Dr. Shayok Chakraborty has a paper accepted at EMNLP 2025
Dr. Shayok Chakraborty has a paper accepted at the Empirical Methods in Natural Language Processing (EMNLP) Findings 2025, a top tier conference in NLP. The paper is titled “MediVLM: A Vision Language Model for Radiology Report Generation from Medical Images”. All the authors of this paper are affiliated to CS, FSU. The paper is led by Debanjan Goswami, a PhD student in Dr. Chakraborty’s research group, and is co-authored by Ronast Subedi, another PhD student in Dr. Chakraborty’s group. Dr. Chakraborty is the corresponding author, and the only faculty author in the paper, supervising this research.

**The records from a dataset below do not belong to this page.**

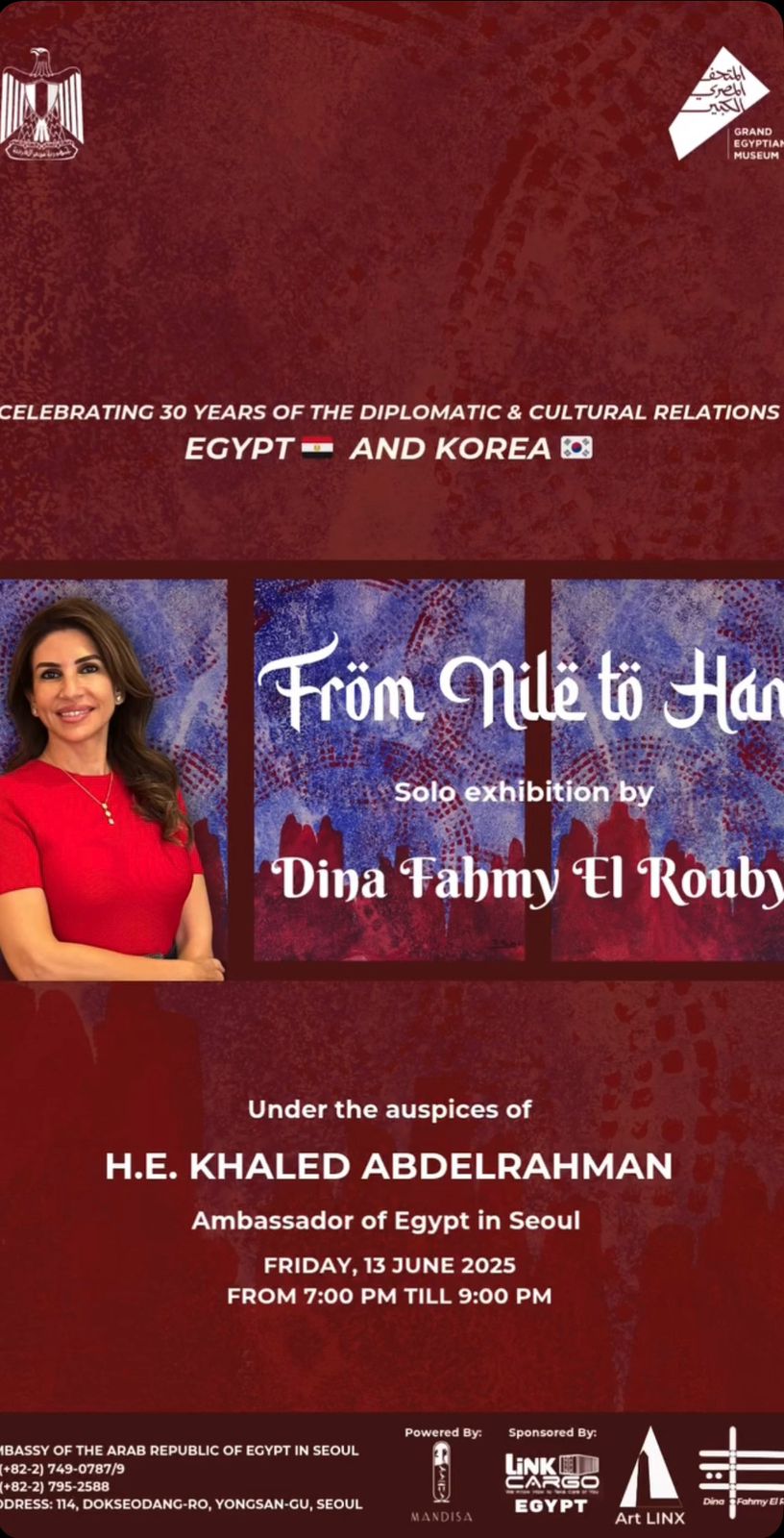 Art LINX’s Role: Art LINX curated the exhibition for the solo exhibition of the artist Dina Fahmy El Rouby to celebrate 30 years of diplomatic and cultural relations, under the auspices of H.E Ambassador Khaled Abdelrahman.
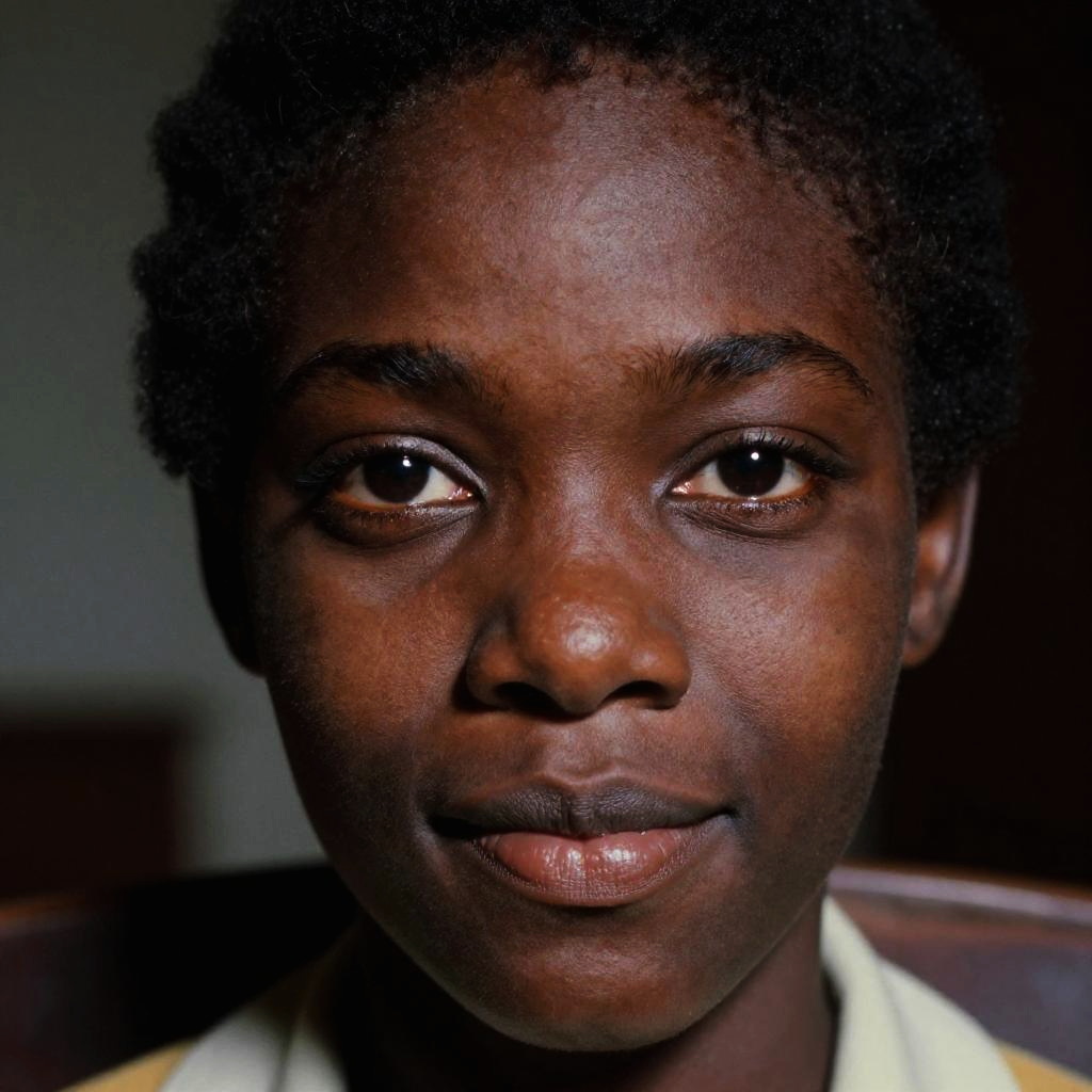 (close-up, editorial rz884n4l0g photograph of a 20 year old woman from the 70s), (((black african ebony))), (highly detailed face:1.4) (smile:0.7) (background inside dark, moody, POV, by lee jeffries, nikon d850, film stock photograph, 4 kodak portra 400, camera f1.6 lens, rich colors, hyper realistic, lifelike texture, dramatic lighting
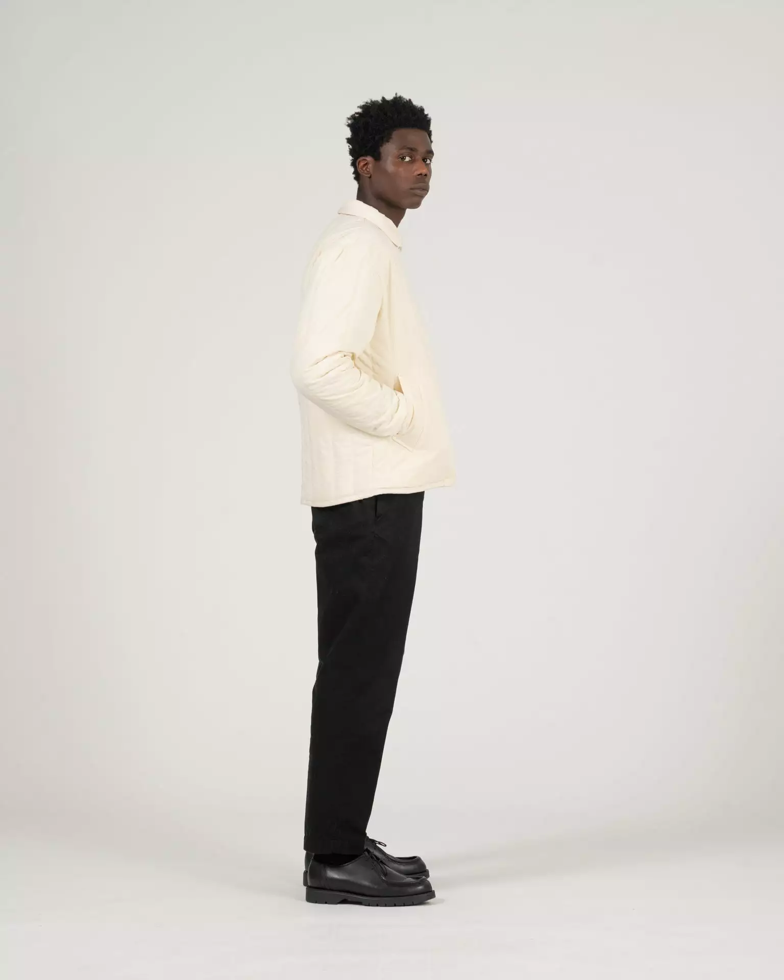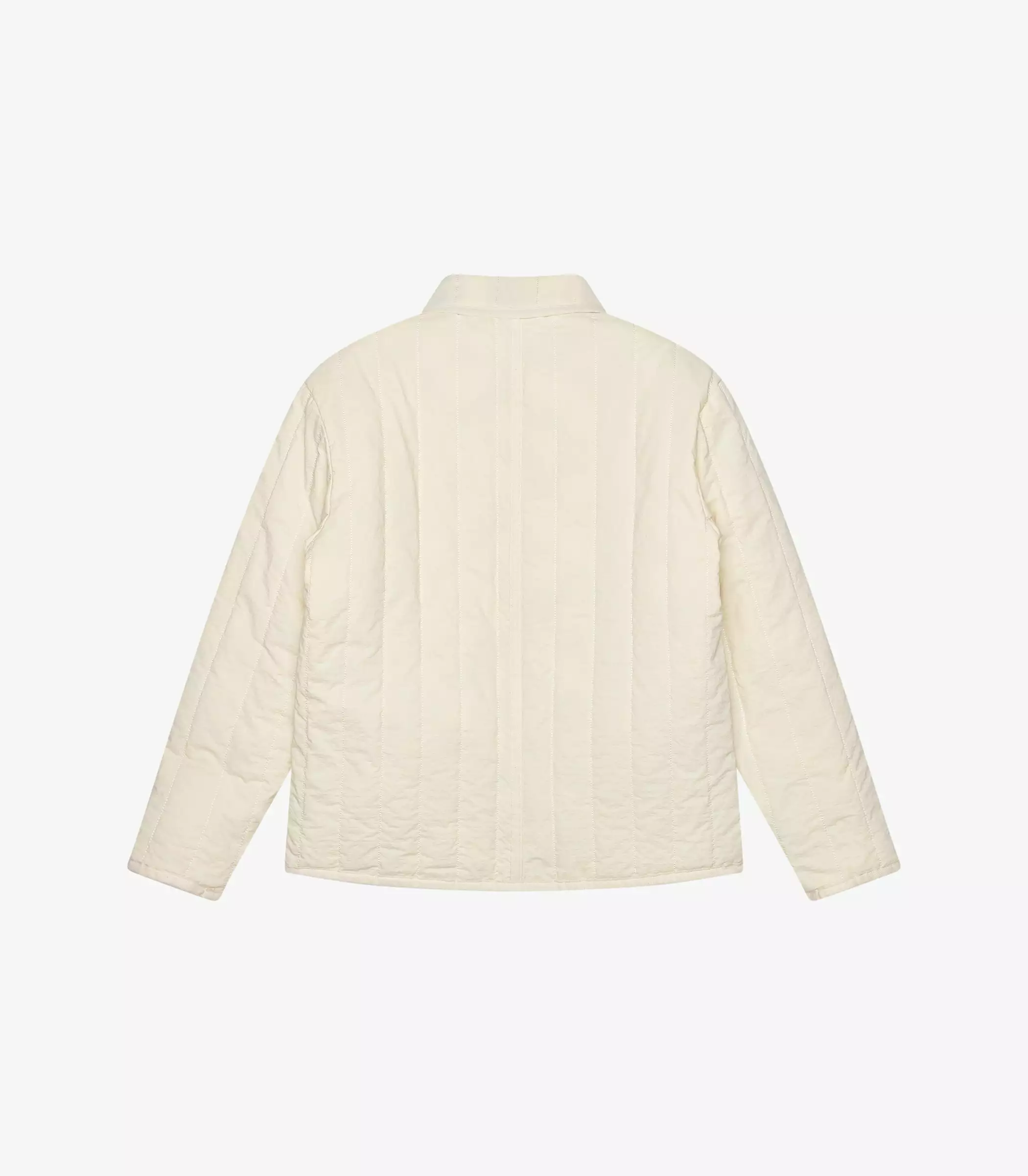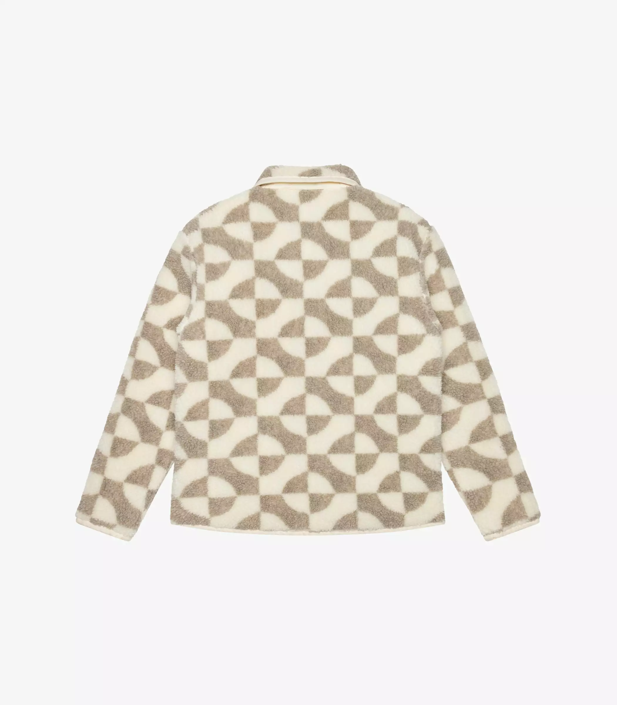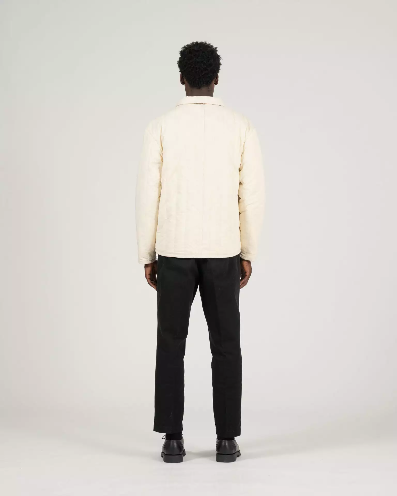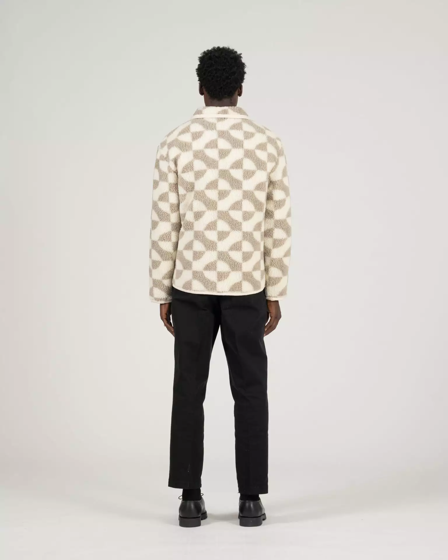 The Reverse Century Jacket in natural. The shell is a custom made pile fleece from Italy. The the reverse is a light quilted PFC free, water repellant krinkle cotton and poly blend from the well known technical Italian mill, Olmetex. Features a reversible Talon zipper and signature “K” label on pocket.
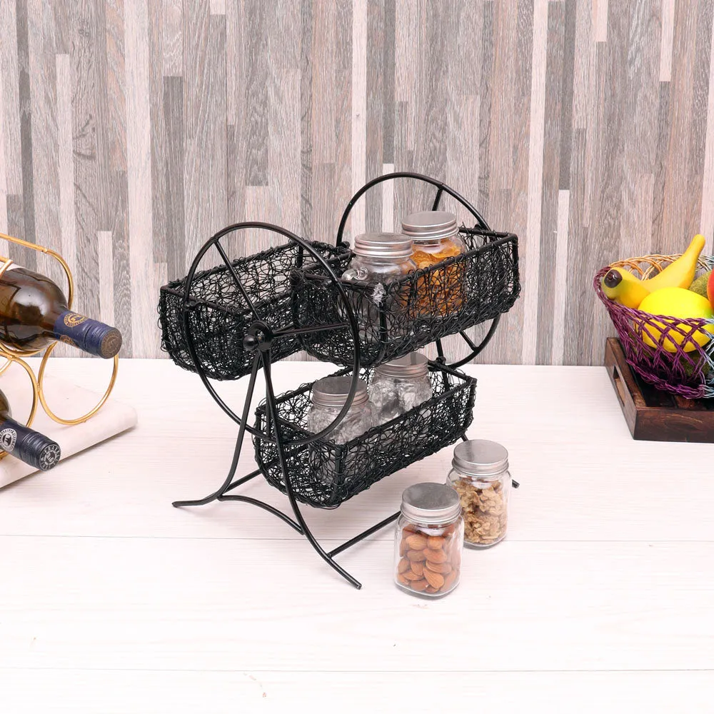 | Dimension (In inches)- L 12 X W 10 X H 8 | Material- Made of resilient metal and glass | Usage- Presenting dry fruits in an elegant way to guests | Tough and resilient metal stand and glass jars | Package Content - 1 Platters, 6 jars
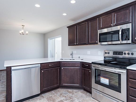 Great location and layout to this 3-bedroom, 3-bath new construction townhouse with attached garage and finished walkout basement. Stainless appliances, white painted oak cabinets and grey quartz countertops in the kitchen. 10x10 concrete patio off dining room patio door. Upstairs are two good size bedrooms, 2nd floor laundry and 2nd floor loft area. The lower level is completely finished with the 3rd bedroom, 3/4 bath and family room with recessed lights! Low association fee covers snow, lawncare, garbage, exterior insurance and exterior maintenance, along with being pet friendly.
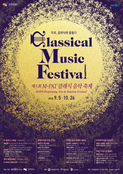 클래식 선율이 마포구의 가을 하늘을 수놓는다.마포구(구청장 유동균)와 마포문화재단(이사장 손숙·대표이사 이창기, 이하 재단)은 9월 5일부터 10월 26일까지 50일간 6개 테마로 70회, 500여 명의 아티스트가 출연하는 '제3회 M-PAT 클래식음악축제'를 개최한다.'M-PAT(엠팻)'은 'Mapo Performing Arts & Tourism'의 줄임말이다. 마포구는 그동안 렛츠락페스티벌, 프린지페스티벌, 상암 DMC페스티벌 등 다양한 축제를 이어왔다. 재단은 외래관광객 160만 시대를 맞아 문화관광 자원이 풍부한 지역의 특성을 살려 글로벌 축제로 키워 나갈 계획이다.'도시, 클래식에 물들다'라는 콘셉트로 펼쳐지는 'M-PAT 클래식음악축제'는 지난해 공원, 학교, 시장, 교회 등 다양한 일상 공간에서 무료로 열어 5만여 시민의 큰 호응을 얻었다. 올해는 버스킹, 게릴라콘서트, 실황 상영 등 대중에게 더 가까이 다가가며, 내외국인 관광객도 함께 즐길 수 있는 축제로 프로그램을 구성했다.
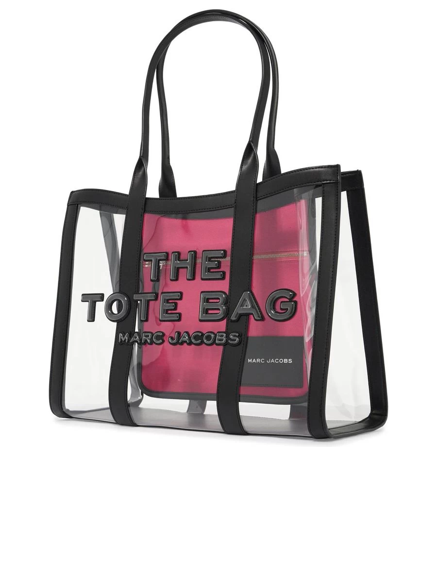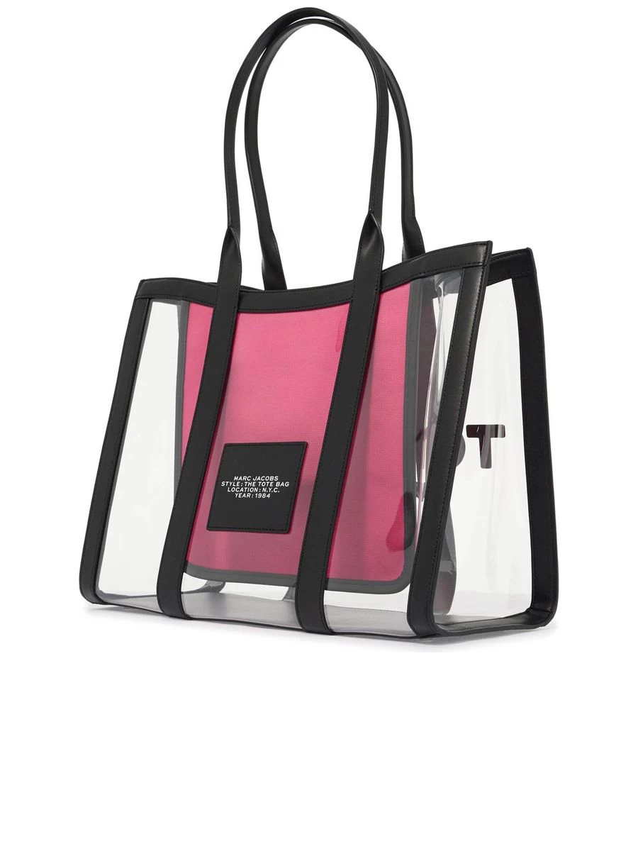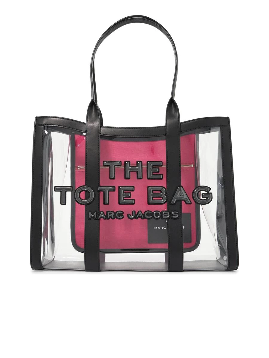 This large tote bag is a modern nod to an iconic design, elegantly crafted with transparent PVC and complemented by smooth leather finishes. Its open top design showcases an interior pocket adorned with a vivacious fuchsia zip and a discreet leather card holder, perfect for keeping essentials organized. With the practicality of metal feet at the base and a traditional leather label at the back, it marries functionality with distinctive style.
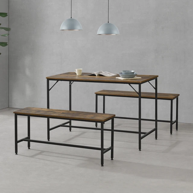 Perfekte Essgruppe für kleine Räume! Dieses 3-teilige Set besteht aus einem Tisch (118x78x75cm) und zwei Bänken (je 113x37x45cm). In schicker Sonoma-Eiche Optik mit melaminharzbeschichteter Oberfläche - kratzfest und pflegeleicht. Die Bänke lassen sich praktisch unter dem Tisch verstauen und halten bis zu 180kg aus. Einfacher Selbstaufbau mit bebilderter Anleitung. Ideal für Küche oder Esszimmer - schafft gemütliche Atmosphäre für Familienessen. Platz für bis zu 6 Personen!
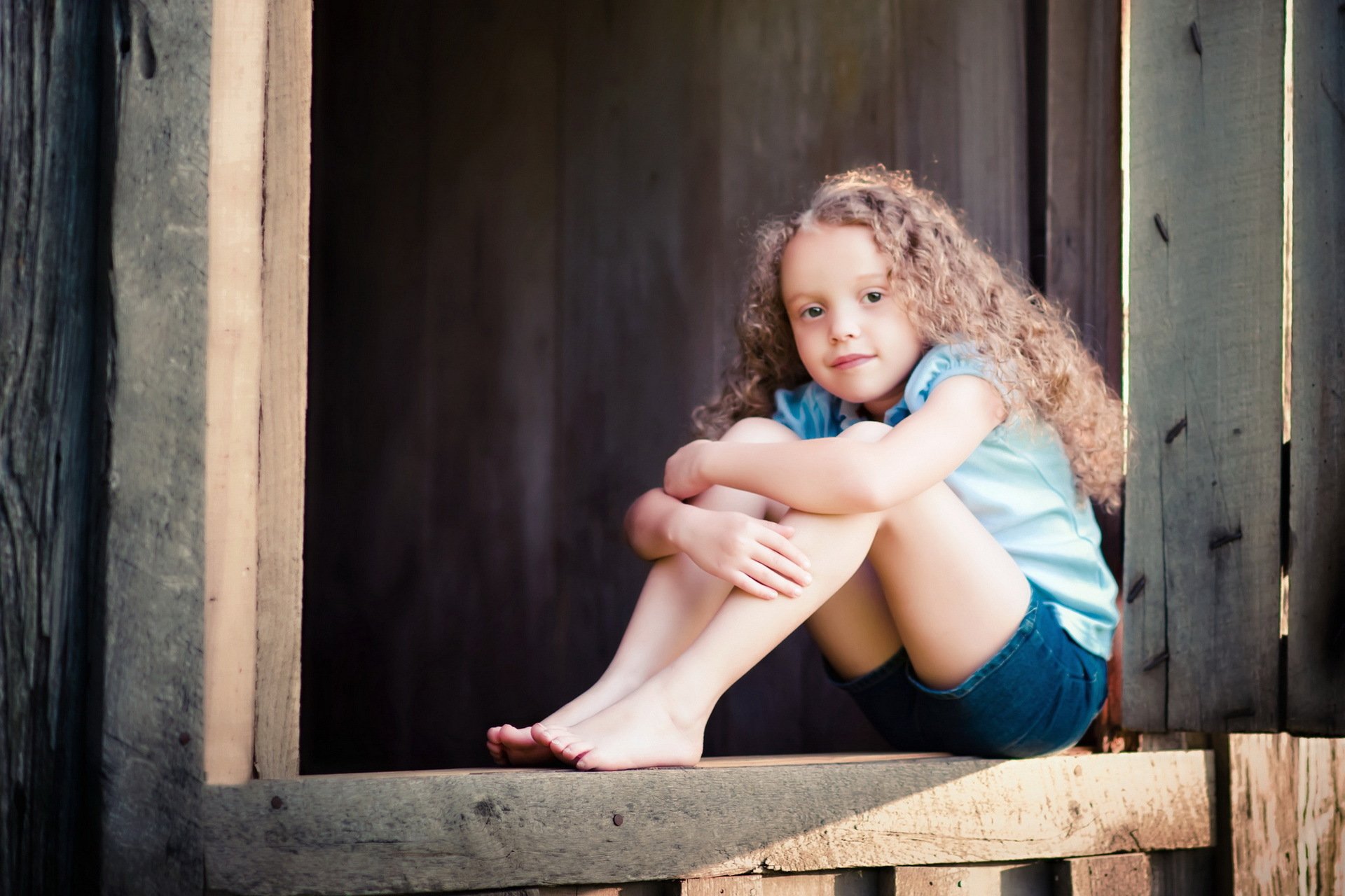 Fille aux cheveux bouclés est assis sur le porche - fond d'écran de téléphone

In this paper, we propose MediVLM, a vision language model (VLM) to address the challenging problem of automatically generating radiology reports from medical images. The proposed model consists of a pre-trained object detector to extract the salient anatomical regions from the images, an image encoder, a text encoder, a module to align the visual and text representations, a cross attention layer to fuse the two representations and finally, a transformer based decoder to generate the final report. MediVLM can generate radiology reports even when no reports are available for training; this is an extremely useful feature, as curating such reports is a labor-intensive task. Further, it computes a severity score (depicting the seriousness of a patient’s medical condition) from the generated radiology reports, which can be used to prioritize patients who need immediate medical attention. Our extensive empirical analyses on three benchmark datasets corroborate the practical usefulness of our framework.
The paper will be presented virtually at the EMNLP conference in November 2025.